Dataset entries:

········

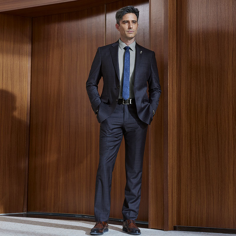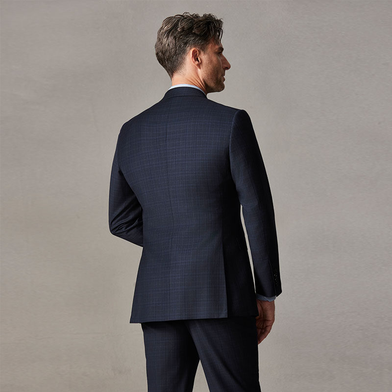 欧定头等舱西装男套装新款海克利尔蓝调格纹羊毛高级定制商务西服
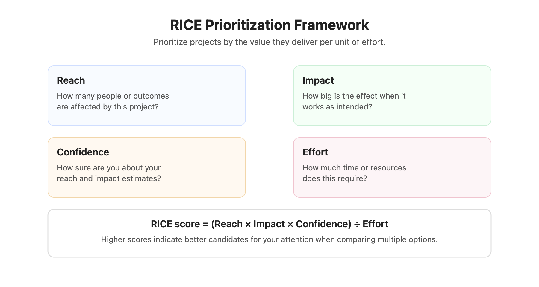 RICE stands for Reach, Impact, Confidence, and Effort and is a . For each potential task or project, you estimate how many people or outcomes it affects (Reach), how significant the effect will be (Impact), how certain you are about your estimates (Confidence), and how much time or resources it requires (Effort). You then calculate a score using the formula (Reach × Impact × Confidence) / Effort. Higher scores indicate better candidates for your attention. RICE works particularly well when you have multiple competing initiatives and need a rational way to compare them.
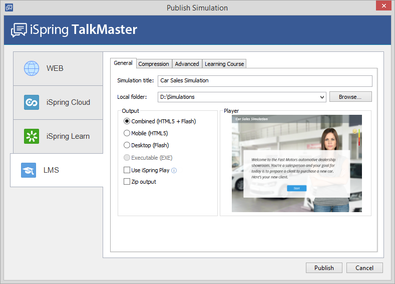 To prepare a package for a learning management system, follow the Publish to LMS instructions.
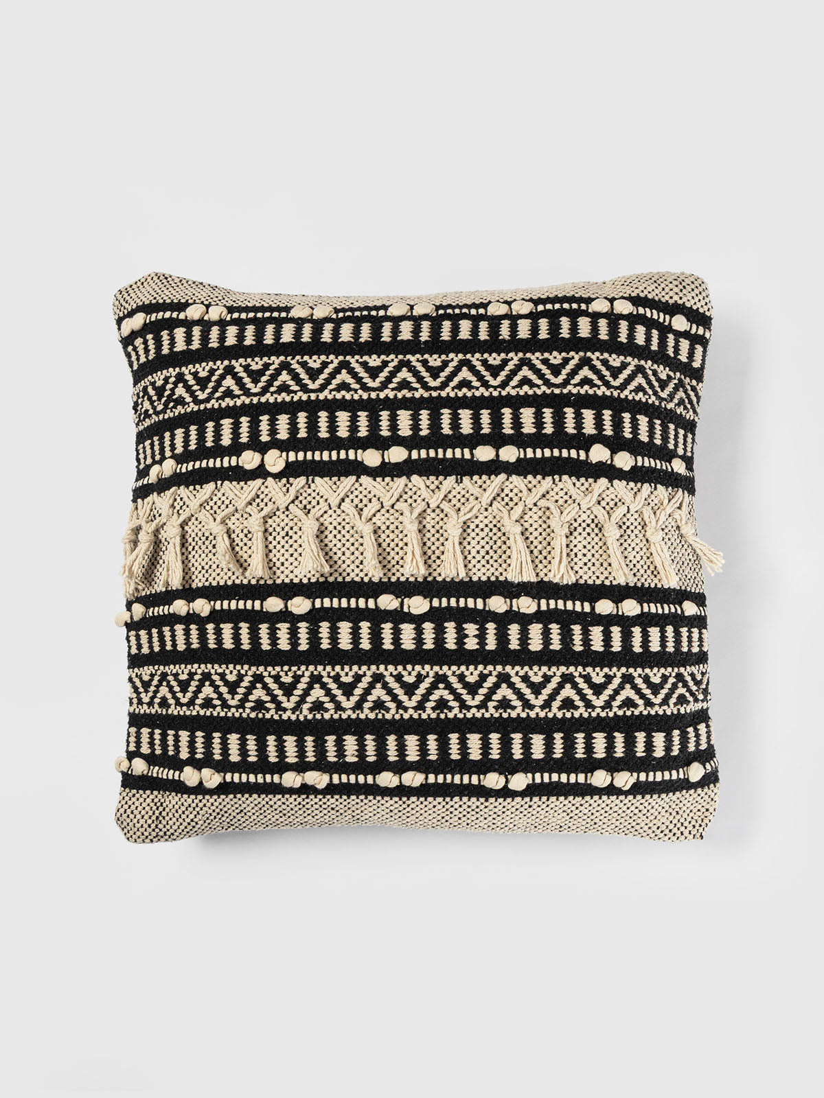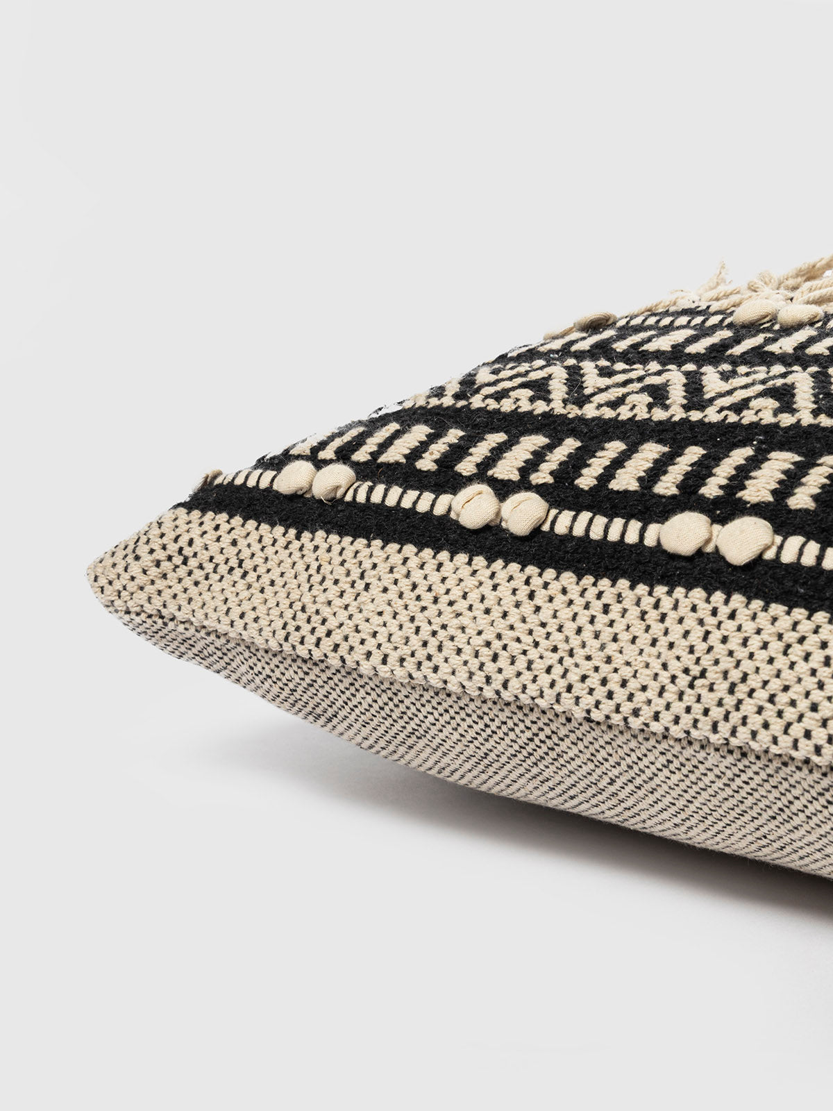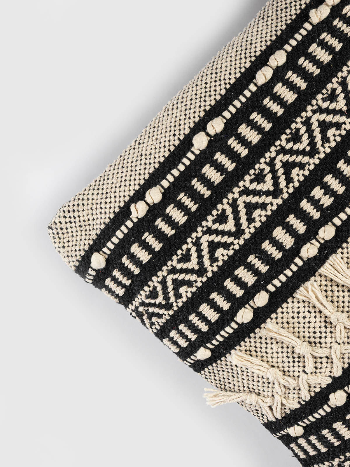 Elevate your home décor with this bold monochrome rug cushion. Intricately handwoven with tribal-inspired patterns, textured knots, and playful tassels, it adds character and contrast to any space. A perfect blend of tradition and trend, this cushion brings tactile charm and modern boho vibes to your sofa or reading nook.
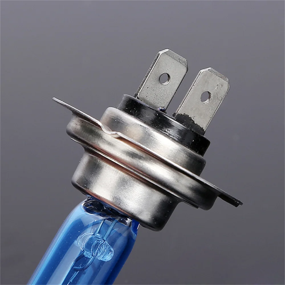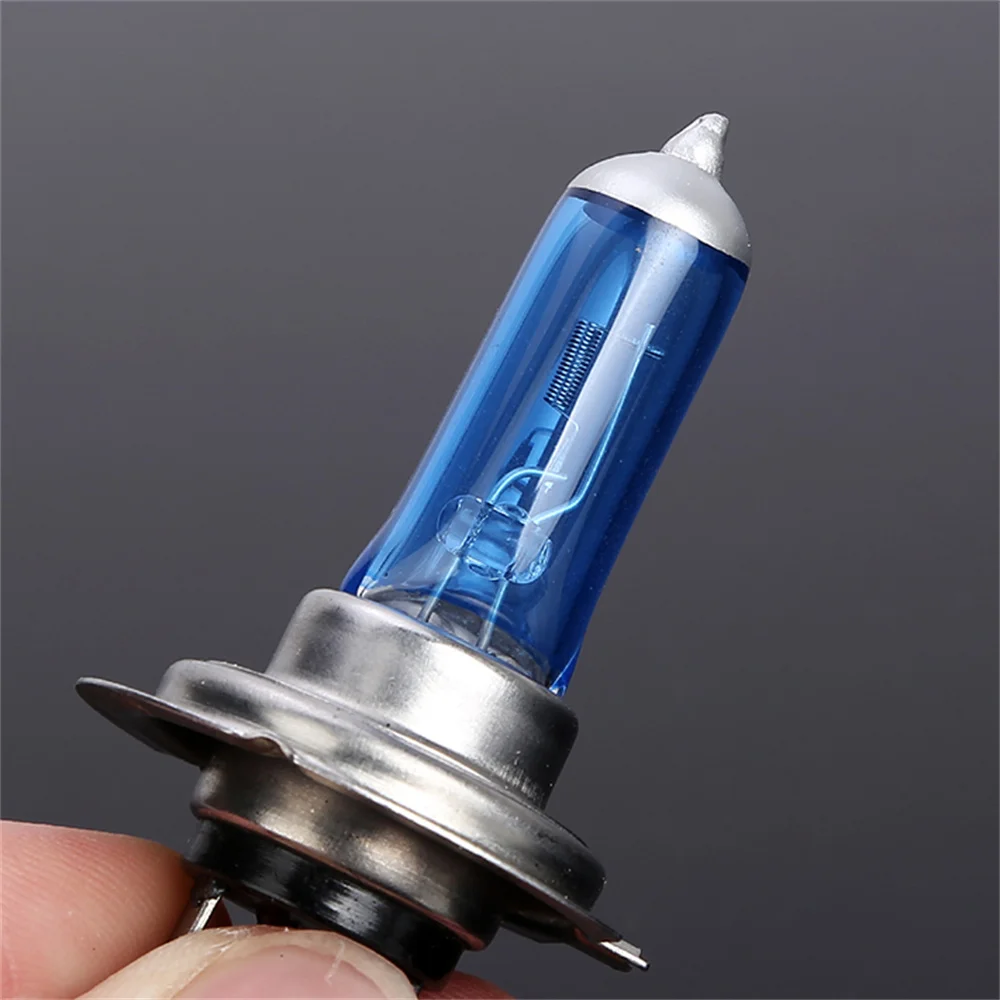 Upgrade your vehicle’s lighting with this set of two H7 halogen bulbs, each rated at 100W and 55W with a 12V power supply and a color temperature of 6000K, emitting a super white, high-brightness light. Featuring a sleek, transparent cylindrical glass enclosure with a subtle bluish tint, these bulbs provide a modern and energetic appearance. The durable metal base with two prongs ensures easy plug-in installation, making them suitable for universal vehicle models, external headlights, and fog lights. Designed for quick, hassle-free replacement, these bulbs guarantee bright, reliable illumination for enhanced safety and visibility on the road.
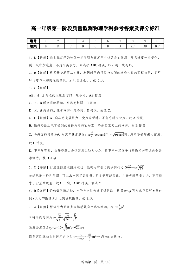 高一物理答案--广东省深圳市多校2025-2026学年高一下学期第一阶段质量监测联考
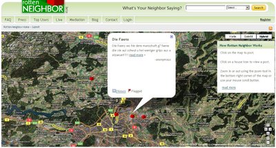 Nicht das die allgemeinen Überwachungsgelüste der Staatsschützer und im Namen des Anti-Terrors genug wären, jetzt kann jedermann auf Rottenneighbor.com seinen Nachbarn an den Webpranger stellen. Da freut sich doch der kleine Denunziant!
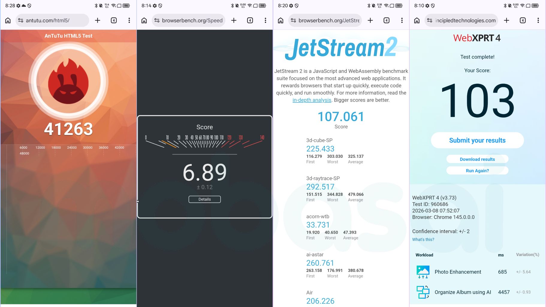 AnTuTu HTML 5 Test・Speedometer 3.1・JetStream2・WebXPRT4
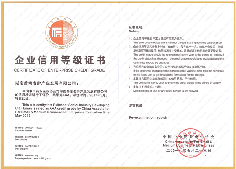 中國中小商業(yè)企業(yè)協(xié)會(huì)對湖南普親老齡產(chǎn)業(yè)發(fā)展有限公司的信用狀況進(jìn)行了評價(jià),結(jié)果為AAA。
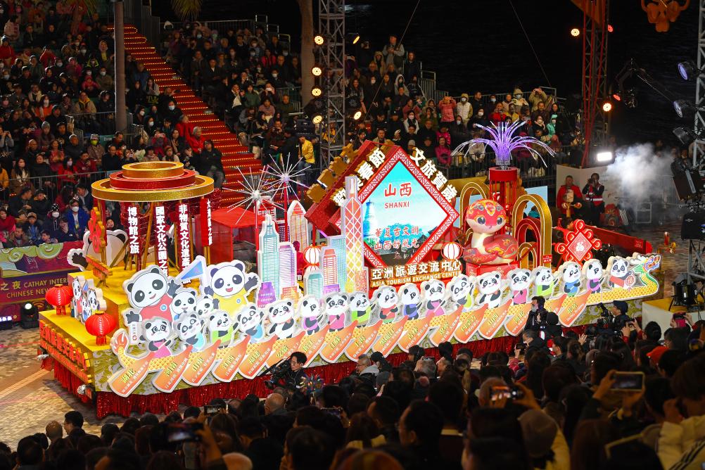 1月29日,亞洲旅遊交流中心的花車在香港新春國際匯演之夜上亮相。新華社記者 陳鐸 攝
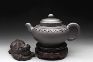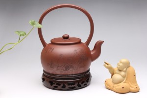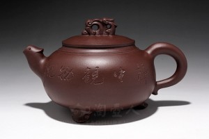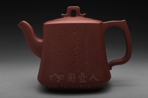 此壶型在吴永明老师手里也制作出了其精髓,整款壶显得优雅之极;一脱尘俗,不务妍媚,朴雅坚致,风格优雅悦目,流畅灵活;壶底刻有“怀人心造·大彬提梁”行书,刀工精美,独具匠心,妙手偶成,实为不可多得的一款好壶!(壶的陶刻各不相同,体现唯一性,更具收藏价值。)
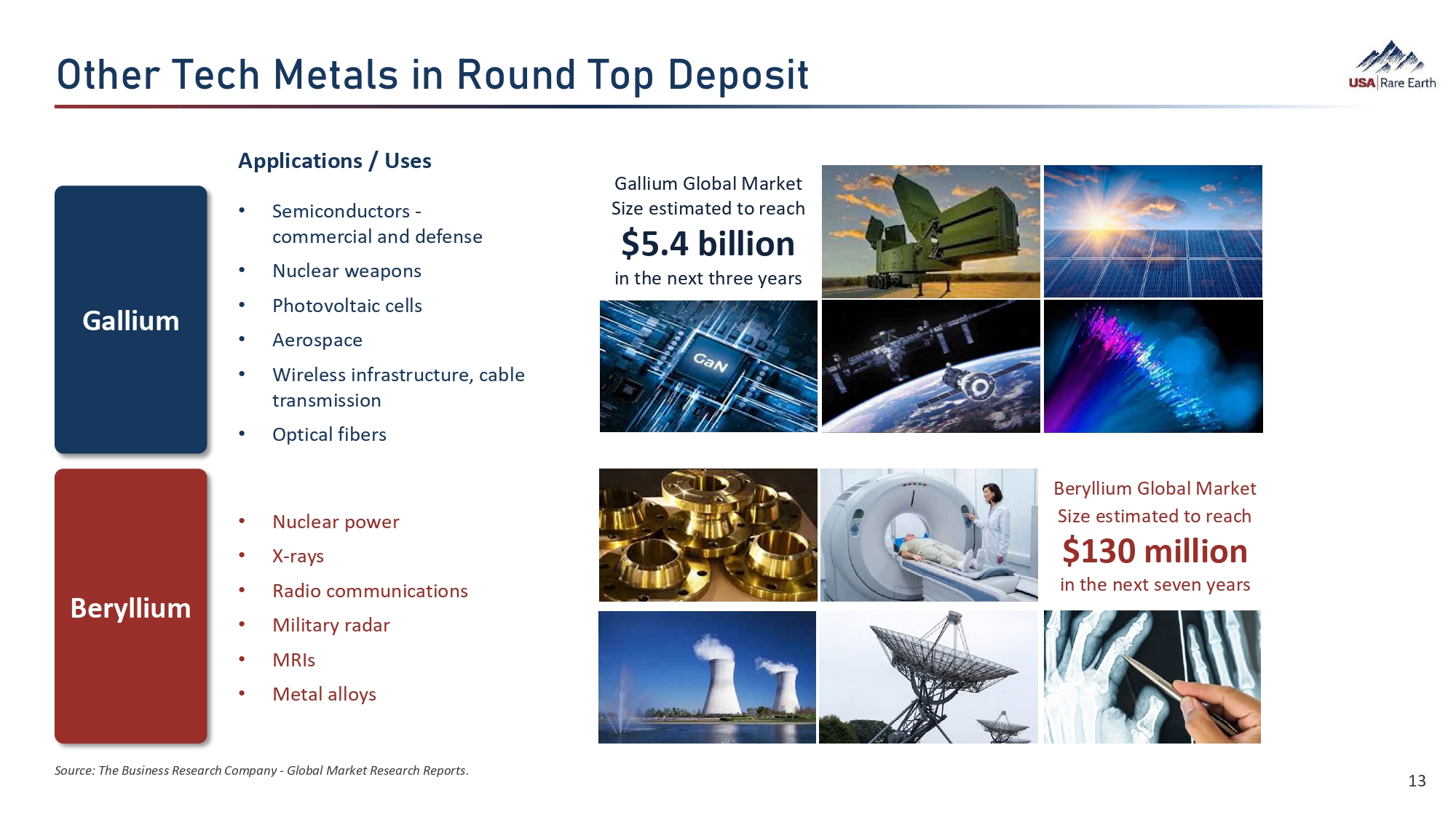 Gallium Beryllium Iã­›Ø  d›­  B›ã‚¼Ü  ¯Â  YÈç•  dÈÕ  ›ÕÈܯ㠕 Semiconductors - commercial and defense • Nuclear weapons • Photovoltaic cells • Aerospace • Wireless infrastructure, cable transmission • Optical fibers • Nuclear power • X - rays • Radio communications • Military radar • MRIs • Metal alloys 13 Source: The Business Research Company - Global Market Research Reports. Gallium Global Market Size estimated to reach $5.4 billion in the next three years Beryllium Global Market Size estimated to reach $130 million in the next seven years Applications / Uses
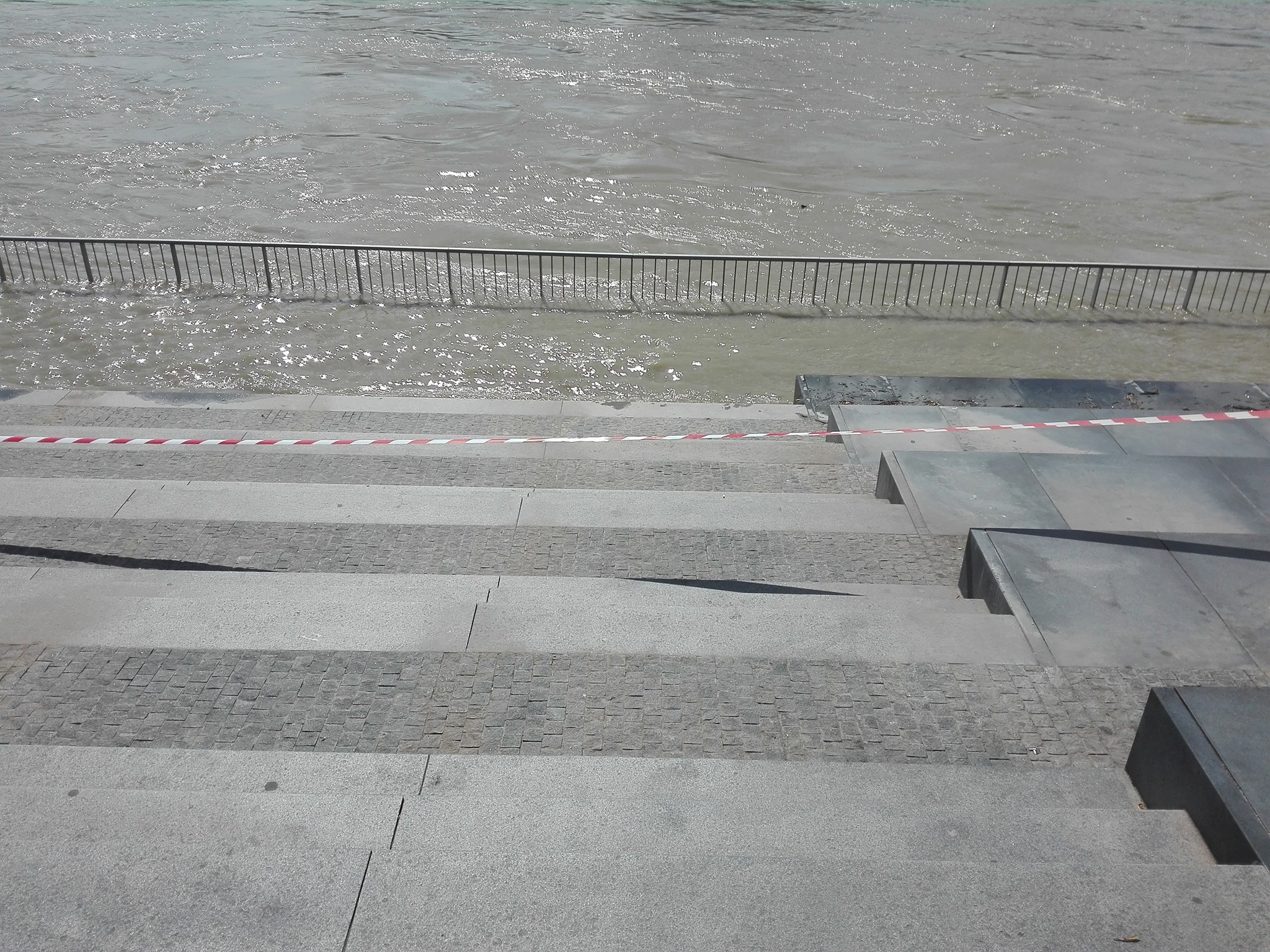 Kým ešte včera v Dunaji plávalo vyše 400 ľudí, tak dnes už je nebezpečné sa k jeho brehu priblížiť. Hladina rieky momentálne dramaticky stúpa a ráno o deviatej prekročila 6-metrovú hranicu. Momentálne sa výška hladiny pohybuje na úrovni 606 centimetrov, takže napríklad chodník pred nákupným centrom Eurovea už bol zaplavený.

········

■ YOUR ASSIGNMENT
Print all of the records shown above exactly, leaving out each picture.

■ SOLVED PROBLEM
 欧定头等舱西装男套装新款海克利尔蓝调格纹羊毛高级定制商务西服
 RICE stands for Reach, Impact, Confidence, and Effort and is a . For each potential task or project, you estimate how many people or outcomes it affects (Reach), how significant the effect will be (Impact), how certain you are about your estimates (Confidence), and how much time or resources it requires (Effort). You then calculate a score using the formula (Reach × Impact × Confidence) / Effort. Higher scores indicate better candidates for your attention. RICE works particularly well when you have multiple competing initiatives and need a rational way to compare them.
 To prepare a package for a learning management system, follow the Publish to LMS instructions.
 Elevate your home décor with this bold monochrome rug cushion. Intricately handwoven with tribal-inspired patterns, textured knots, and playful tassels, it adds character and contrast to any space. A perfect blend of tradition and trend, this cushion brings tactile charm and modern boho vibes to your sofa or reading nook.
 Upgrade your vehicle’s lighting with this set of two H7 halogen bulbs, each rated at 100W and 55W with a 12V power supply and a color temperature of 6000K, emitting a super white, high-brightness light. Featuring a sleek, transparent cylindrical glass enclosure with a subtle bluish tint, these bulbs provide a modern and energetic appearance. The durable metal base with two prongs ensures easy plug-in installation, making them suitable for universal vehicle models, external headlights, and fog lights. Designed for quick, hassle-free replacement, these bulbs guarantee bright, reliable illumination for enhanced safety and visibility on the road.
 高一物理答案--广东省深圳市多校2025-2026学年高一下学期第一阶段质量监测联考
 Nicht das die allgemeinen Überwachungsgelüste der Staatsschützer und im Namen des Anti-Terrors genug wären, jetzt kann jedermann auf Rottenneighbor.com seinen Nachbarn an den Webpranger stellen. Da freut sich doch der kleine Denunziant!
 AnTuTu HTML 5 Test・Speedometer 3.1・JetStream2・WebXPRT4
 中國中小商業(yè)企業(yè)協(xié)會(huì)對湖南普親老齡產(chǎn)業(yè)發(fā)展有限公司的信用狀況進(jìn)行了評價(jià),結(jié)果為AAA。
 1月29日,亞洲旅遊交流中心的花車在香港新春國際匯演之夜上亮相。新華社記者 陳鐸 攝
 此壶型在吴永明老师手里也制作出了其精髓,整款壶显得优雅之极;一脱尘俗,不务妍媚,朴雅坚致,风格优雅悦目,流畅灵活;壶底刻有“怀人心造·大彬提梁”行书,刀工精美,独具匠心,妙手偶成,实为不可多得的一款好壶!(壶的陶刻各不相同,体现唯一性,更具收藏价值。)
 Gallium Beryllium Iã­›Ø  d›­  B›ã‚¼Ü  ¯Â  YÈç•  dÈÕ  ›ÕÈܯ㠕 Semiconductors - commercial and defense • Nuclear weapons • Photovoltaic cells • Aerospace • Wireless infrastructure, cable transmission • Optical fibers • Nuclear power • X - rays • Radio communications • Military radar • MRIs • Metal alloys 13 Source: The Business Research Company - Global Market Research Reports. Gallium Global Market Size estimated to reach $5.4 billion in the next three years Beryllium Global Market Size estimated to reach $130 million in the next seven years Applications / Uses
 Kým ešte včera v Dunaji plávalo vyše 400 ľudí, tak dnes už je nebezpečné sa k jeho brehu priblížiť. Hladina rieky momentálne dramaticky stúpa a ráno o deviatej prekročila 6-metrovú hranicu. Momentálne sa výška hladiny pohybuje na úrovni 606 centimetrov, takže napríklad chodník pred nákupným centrom Eurovea už bol zaplavený.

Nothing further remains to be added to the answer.